Swyambhu Dangol, who was part of a musical troupe that had come for the rally from Khokana, Lalitpur, said no matter what the court decided every Nepali ought to defend the constitution.
“There is so much uncertainty going on in our country. If we do not defend our constitution, we will lose our rights and identity,” said the 47-year-old.
Another protester, Bhimnath Olakhey shared a similar view. The 74-year-old had joined 150 others from his village in Bagmati Rural Municipality to attend the rally in the Capital city.
“Most of us here are supporters of the party. We are here to protest against Oli who is bent on destroying the constitution for which many Nepalis have made an immense sacrifice,” said Olakhey.
“We fought tirelessly to reinstate democracy in 1990. I myself joined the Maoist party and fought the 10-year insurgency. I also participated during the people’s movement that overthrew monarchy. Now here I am to stand up against Oli who is trying to shred the constitution.”
For Sonam Tamang attending Friday’s rally was both an expression of his protest and a business opportunity.
The 37-year-old was busy selling peanuts to the people while listening to the leaders.
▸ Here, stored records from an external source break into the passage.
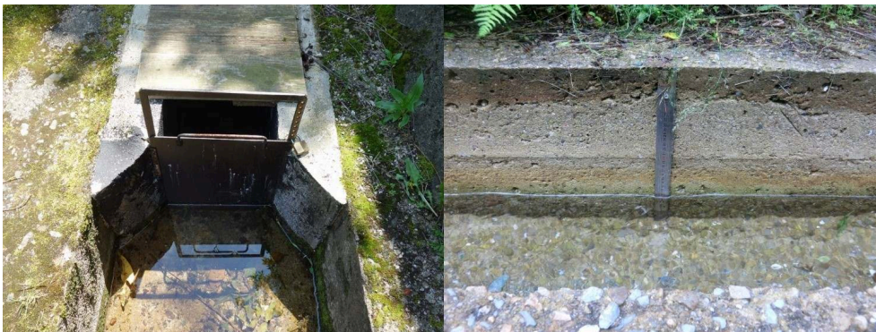
Figure 3. Dispositif de suivi et de contrôle des volumes prélevés.

3a. Martelière crantée servant à réguler le volume à l'entrée du béal. La martelière est équipée de 8 positions permettant de varier le volume d'eau dérivé. 3b. Echelle limnimétrique placée dans un tronçon bétonné sert à mesurer les hauteurs d'eau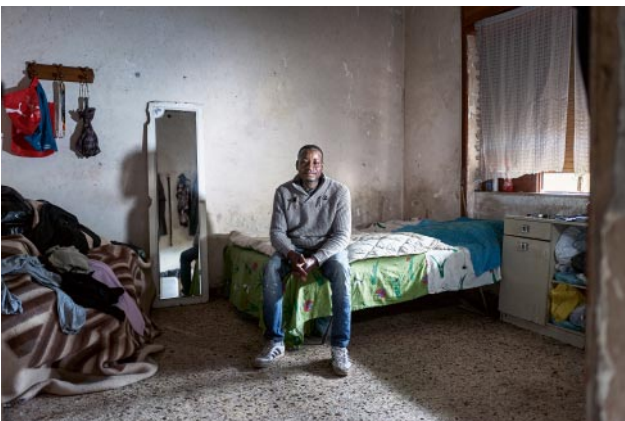
o5_ © Alberto Gandolfo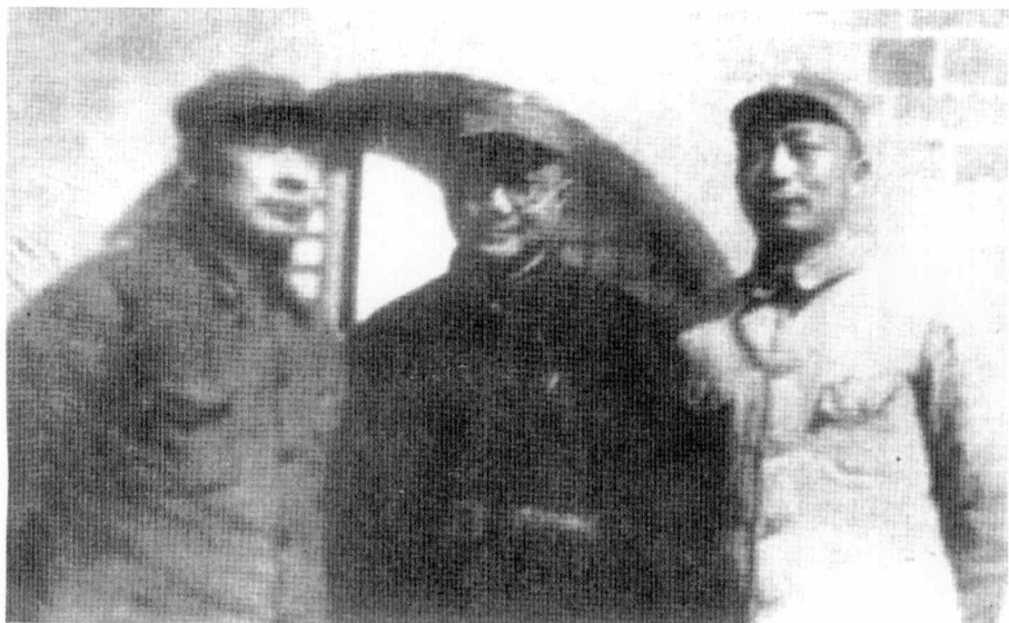
1943年，刘伯承、陈毅、聂荣臻在延安合影。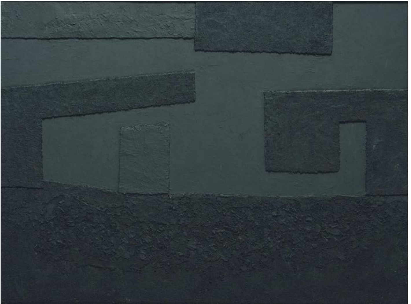
Alberto Burri, Cellotex , 1992, Courtesy Galleria dello Scudo, ©Fondazione Palazzo Albizzini Collezione Burri - Photo Alessandro Sarteanesi.

Giacomelli d'altronde, ben prima di conoscere personalmente Burri, aveva già dimostrato apprezzamento e stima per pittura del maestro tifernate, e Burri stesso era a sua volta affascinato dall'arte fotografica e interessato al lavoro di Giacomelli, come testimoniato anche da una lettera del 1966.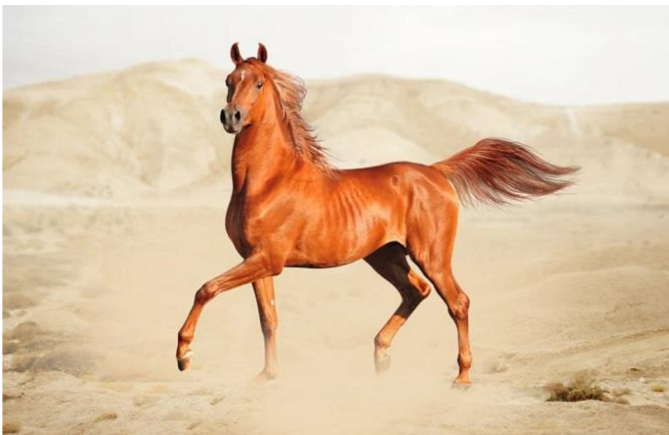
Cavalo árabe de raça pura.

Frango, açúcar, carne bovina e grãos lideram as exportações do agro. Os dois maiores destaques em crescimento foram Emirados Árabes Unidos e Arábia Saudita. A Liga Árabe é o quinto fornecedor em importações: US$ 9,82 bilhões, em 2021, um crescimento de 82% com relação a 2020 (combustíveis, fertilizantes e alumínio).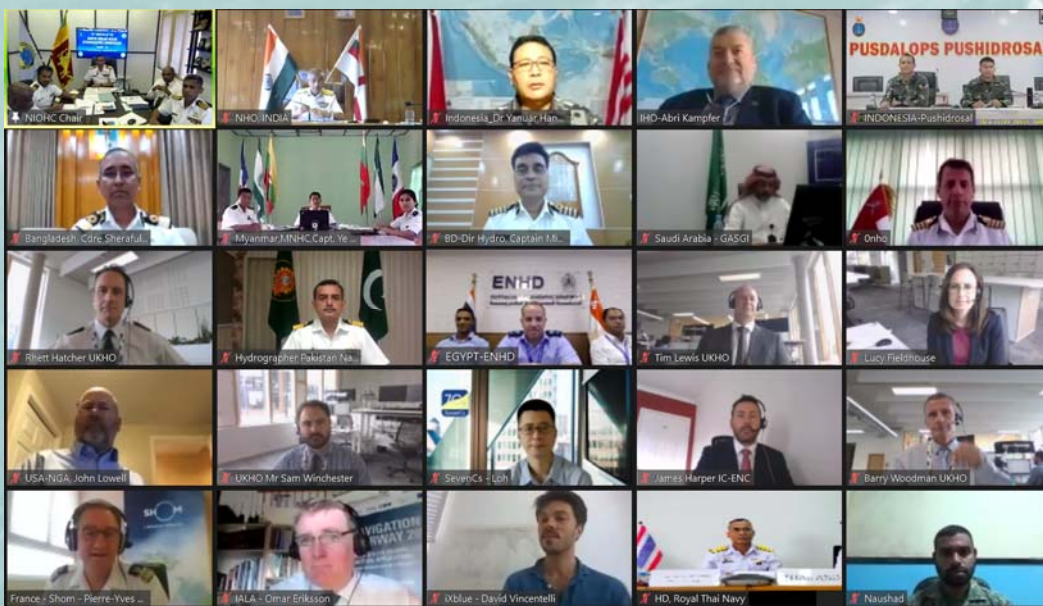
Algunos participantes de la 20.ª Conferencia de la CHOIS

Indonesia, actual Vice-Presidente de la CHOIS, asumirá la Presidencia de la CHOIS en los próximos cuatro meses, en conformidad con los Estatutos de la Comisión. No hubo candidaturas para el cargo de Vice-Presidente. El lugar y la fecha de la próxima reunión serán decididos en cuanto se sepa más con respecto a las opciones disponibles.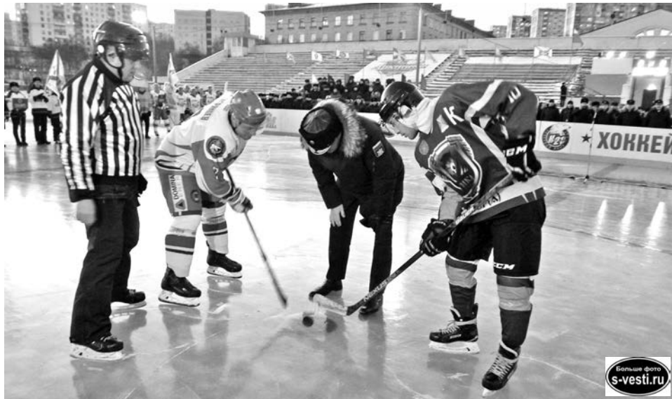
Первое вбрасывания в новом сезоне провел командующий Северным флотом адмирал Николай Евменов.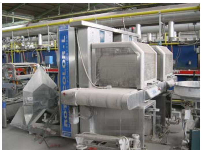
SERIGRAFIA - ROTOCOLOR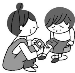
ケガをしたとき きゅうきゅうしよち 救急処置してもらえます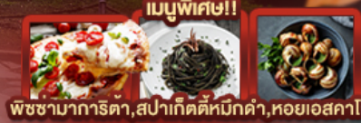
เมนูพิเศษ!! พซชามากริตต้า, สปปาเก็ดตีหมักดำ, หอยเอสคาโก้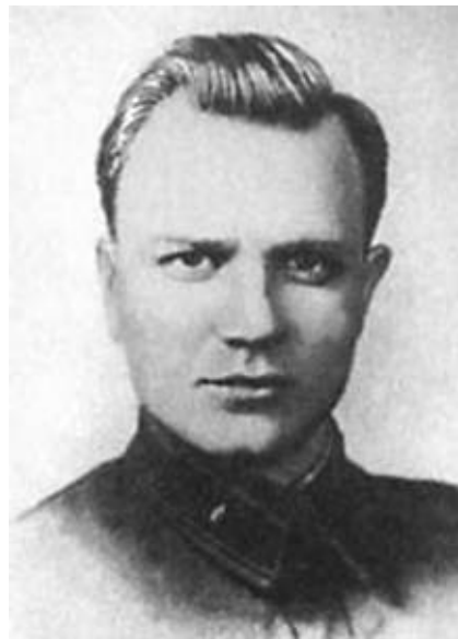
Герой Советского Союза В. А. Молодцов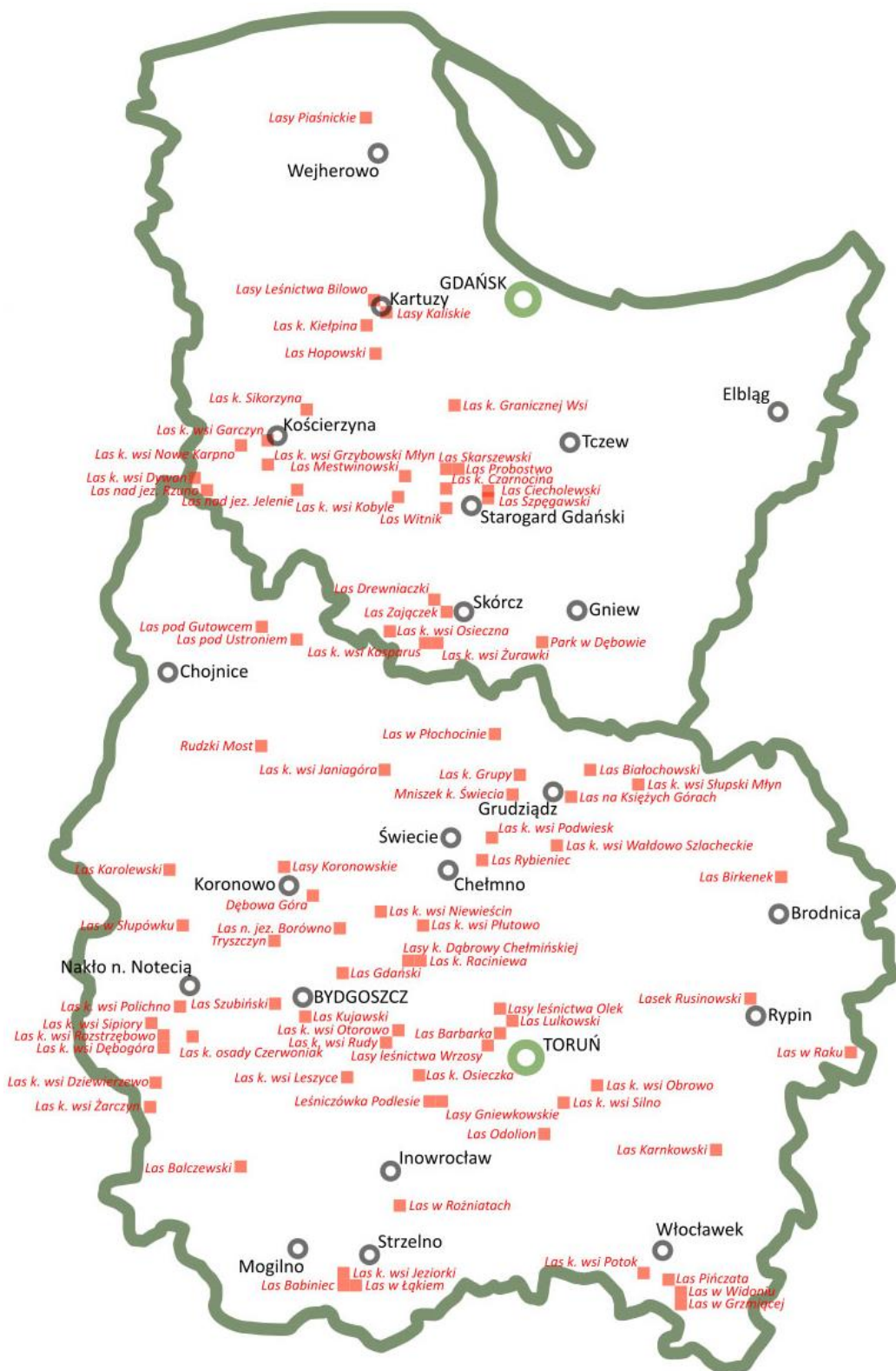
Fig. 4. Sites of Pomeranian Crime of 1939 in the forests of Pomerania and Kuyavia administered by the Regional Directorates of State Forests in Gdańsk and Toruń.

Ryc. 4. Miejsca Zbrodni Pomorskiej 1939 roku w lasach Pomorza i Kujaw w zarządzie Regionalnych Dyrekcji Lasów Państwowych w Gdańsku i Toruniu.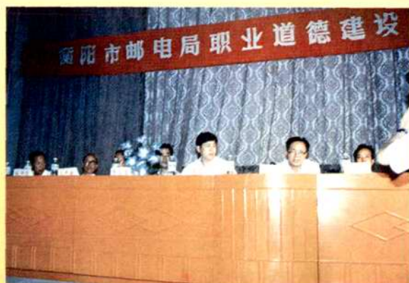
衡阳市邮电局职业道德建设动员大会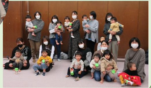
11/25 宇ノ気子育て支援センター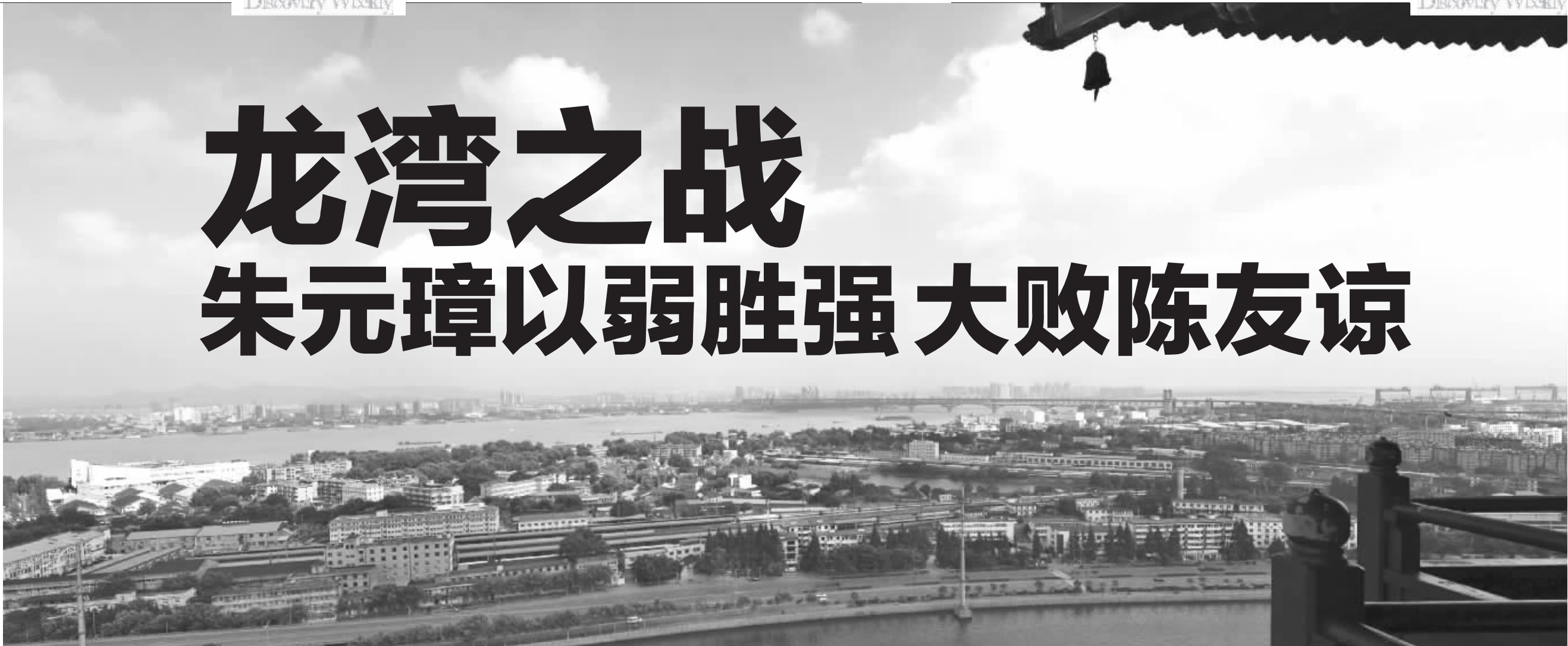
从狮子山上俯拍的下关沿江,公元1360年6月23日至24日,朱元璋就是坐镇狮子山指挥龙湾之战的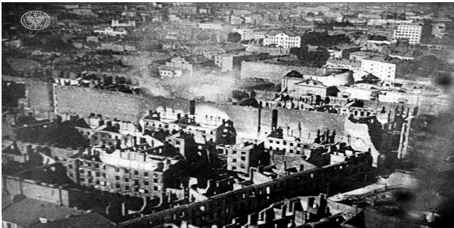
Płonące i wypalone domy.

https://przystanekhistoria.pl/pa2/teksty/103498,Zastraszajacy-przyklad-dla-calej-Europy.html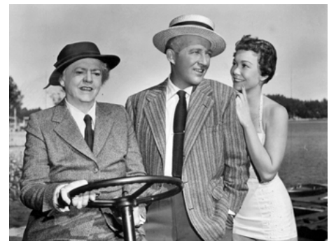
1952 POUR VOUS MON AMOUR (Just for You) d'Elliott Nugent avec Bing Crosby, Jane Wyman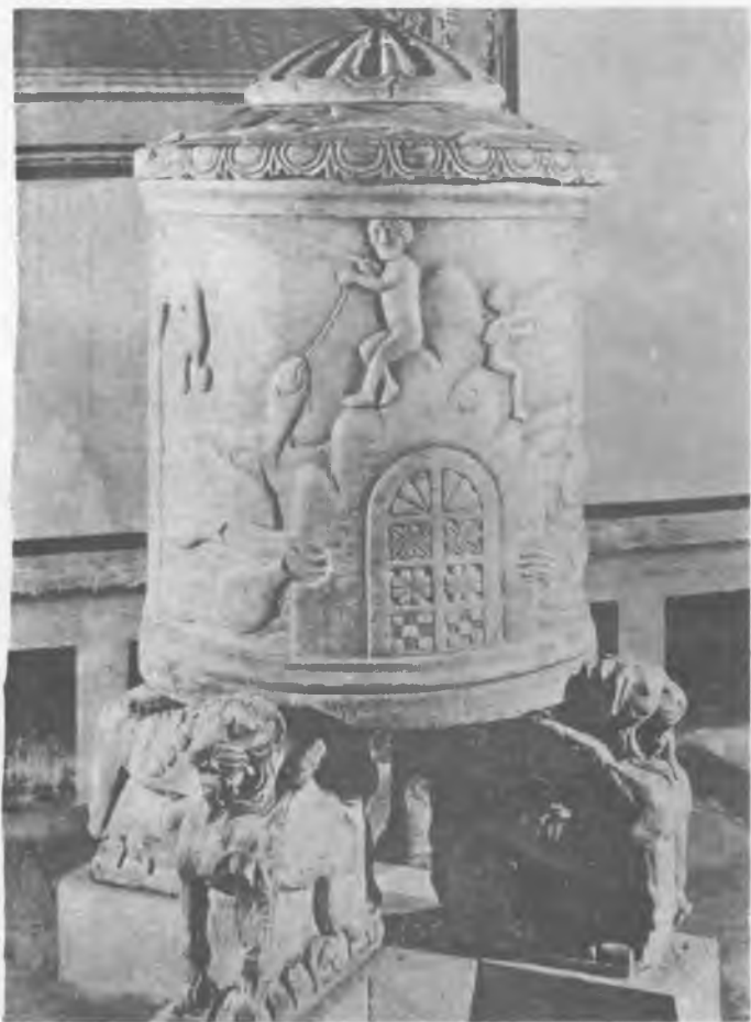
1. Grottaferrata, kościół. Chrzcielnica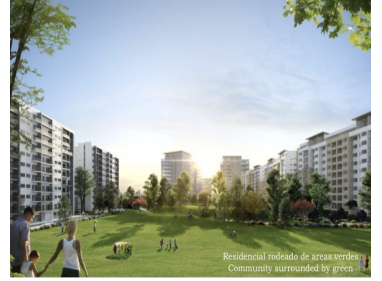
Residencial rodeado de áreas verdes Community surrounded by green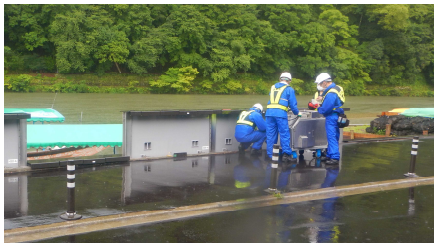
油圧シリンダーによる押し上げ操作 (操作は京都市が実施)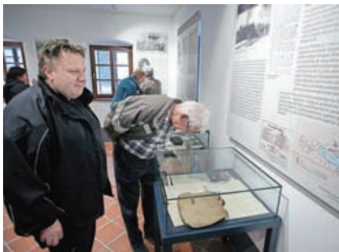
Na razstavi je na ogled nekaj zanimivih osebnih predmetov Maistrovih borcev.

gaju in drugih generalih, a ti moške so zase vedno uporabljali izraz Maistrovi borci. Seznam borcev za severno mejo iz nekdanjih občin Kamnik in Domžale je bil prvič podrobneje sestavljen leta 1979, ko je imena zbral Jan-ko Kuster. Na njem je bilo nekaj manj kot sto imen, še nekaj so jih dodali v sklopu tokratne razstave. »Gotovo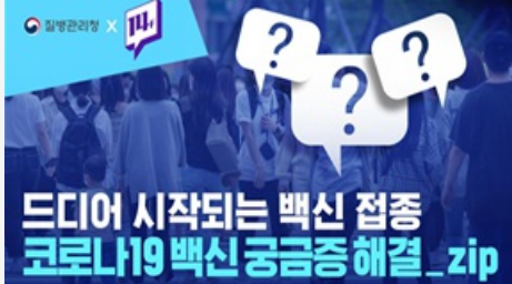
드디어 시작되는 백신 접종 코로나19백신 궁금증 해결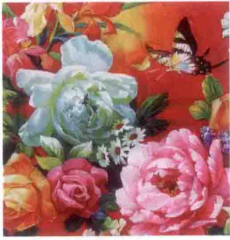
图 3-3 我国传统的印染图案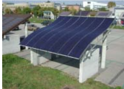
Figure 4: La toiture photovoltaïque Freestyle (Demosite)

Enecolo continue à participer au projet ENERBUILD [19] de l'UE destiné à répertorier, sous la forme du réseau thématique www.enerbuild.net , les activités R&D en cours en rapport avec l'énergie dans le bâtiment; il vise aussi le renforcement de la collaboration en la matière. Enecolo y est responsable du thème du photovoltaïque dans le bâtiment. L'année sous revue a vu la constitution d'un répertoire des activités en cours en Europe sur le sujet de l'intégration du photovoltaïque au bâtiment; on en a tiré une première série de propositions de stratégies futures ainsi qu'une évaluation des dispositions à prendre.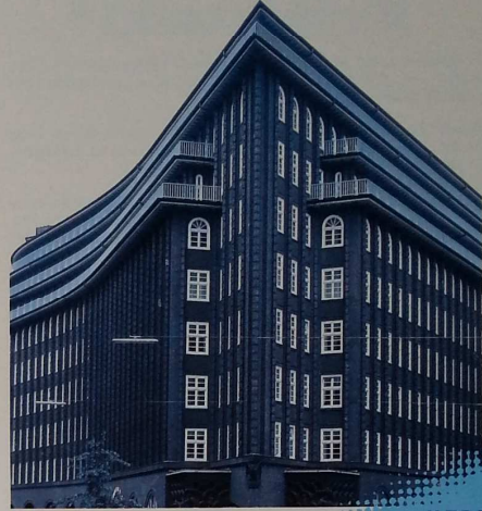
Im Chile-Haus, einer Hamburger Institution, erhielten rund 60.000 m 2 Innenflächen ein neues Make up. In Arbeit befindet sich das Deutsch-Japanische Zentrum mit 30.000 m 2 . Immer erfolgte der Zuschlag für Firma Harms mit ZENIT LG: wegen hoher Deckkraft, geringer Verbrauchsmengen, günstiger Material- und Lohnkosten – und damit wettbewerbsstarker Preise!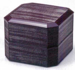
711-109-982 850円 5.0 焼杉隅切重 マロン内黒(蓋) (15.3×15.3×H1.3) 767510898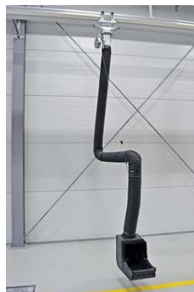
Bild links: Slift-4-Stempelbühne Bild oben: s.tec-Untenabsaugarm Bild rechts: s.tec-Absaugkanal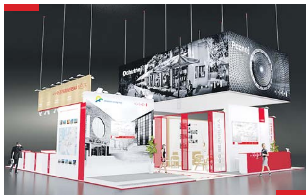
Stánek Brna připomene první republiku.

Snad každý má doma staré rodinné fotografie. Všechny přitom nesou nějaký příběh, nějakou vzpomínku. Nechte si od babiček, pradědečků, strýců a prarodičů vyprávět rodinné události a příběhy, které se k fotkám vážou. Ty pak můžete spolu se snímky nahrát na web Národní kroniky, nebo osobně přinést a odvyprávět právě na stánek Brna na veletrhu. Vznikne tak jedinečná databáze osobních vzpomínek – skutečná historie plná lidských příběhů. Více informací na www.tinyurl.com/pribehyfotek .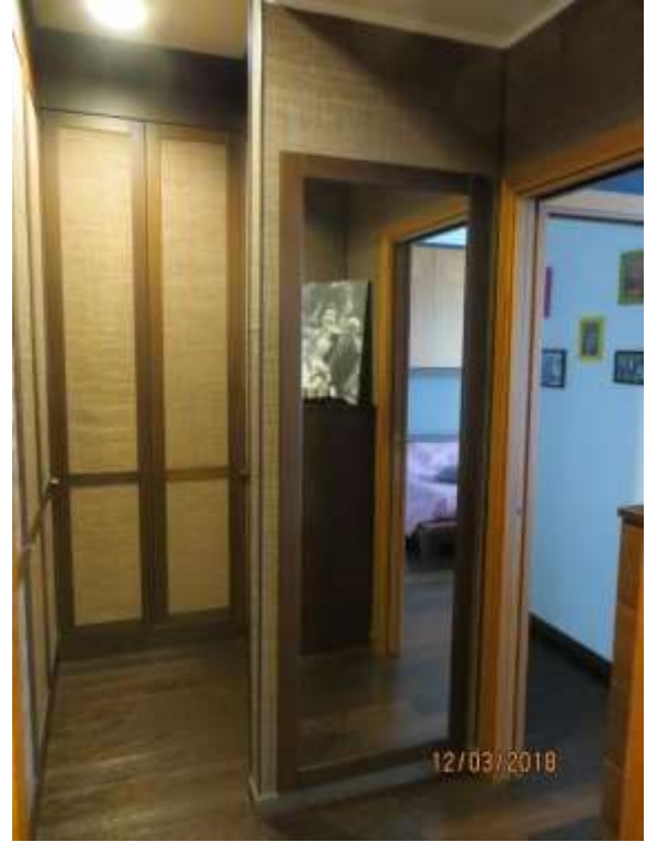
Foto 32 – Accesso al bagno ad uso esclusivo della camera da letto matrimoniale

“I am not a Oli supporter. After his government, street vendors like me have faced a lot of hassles from the police. The municipal police have confiscated at least five of my carts and I never got them back,” he said.
“This government has never been kind to the poor and daily wage workers like us. True, a man like me doesn't know what’s written in the constitution, but I know that the government should be looking after the poor citizens. I support this protest and consider myself one of the protesters.”